Elspeth Arbow is a 22-year-old undergraduate in cinema studies at the ߲ݴý. She looks half the age of the next youngest patient in the gym that day. A few people comment on her T-shirt, which says, “The future is female.” She acknowledges the compliments with a quick: “Yeah, we’re taking over.”
She exercises to strengthen the pair of lungs she received in a transplant in March. She was diagnosed with cystic fibrosis as a baby, a genetic disease that affects the lungs and often the digestive system. In the fall semester, while other students went home or to the library after class, she often went to hospital. More than a month after her operation, she still goes several times a week for tests and physio, to fortify her 89-pound frame.
Arbow in the physiotherapy gym at Toronto General Hospital (photo by Geoffrey Vendeville)
Arbow has been in this situation before. It was her second double-lung transplant in the space of nine years. Jayme Muir, a U of T student on a physiotherapy placement, marvels at Arbow’s progress. “That’s willpower in a nutshell,” she says.
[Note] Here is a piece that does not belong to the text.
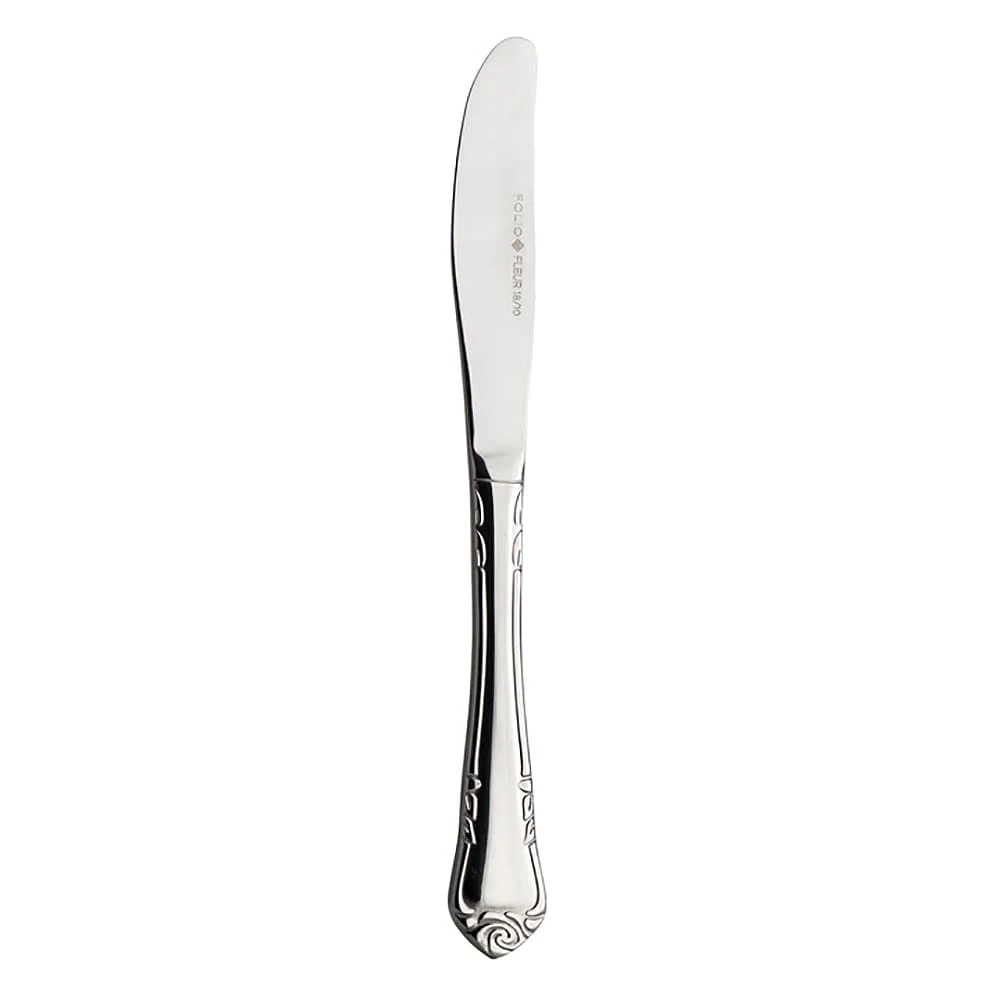 The Fleur Flatware Collection from Folio features a traditional rose bud embossment and quality 18/10 stainless steel construction that will bring elegance to any tabletop.

Arbow’s willpower – she would say her stubbornness – and the help of family, friends, doctors, nurses, teachers and university staff have helped her complete 4½ years of university against the odds. Even when she became so sick she needed to carry an oxygen tank in her backpack, she still kept up with her courses.
It’s hard to tell Arbow’s story without resorting to the kinds of clichés on the posters at her gym. But if there is one thing to be learned from her example, she says, it’s simply that “people underestimate their abilities.”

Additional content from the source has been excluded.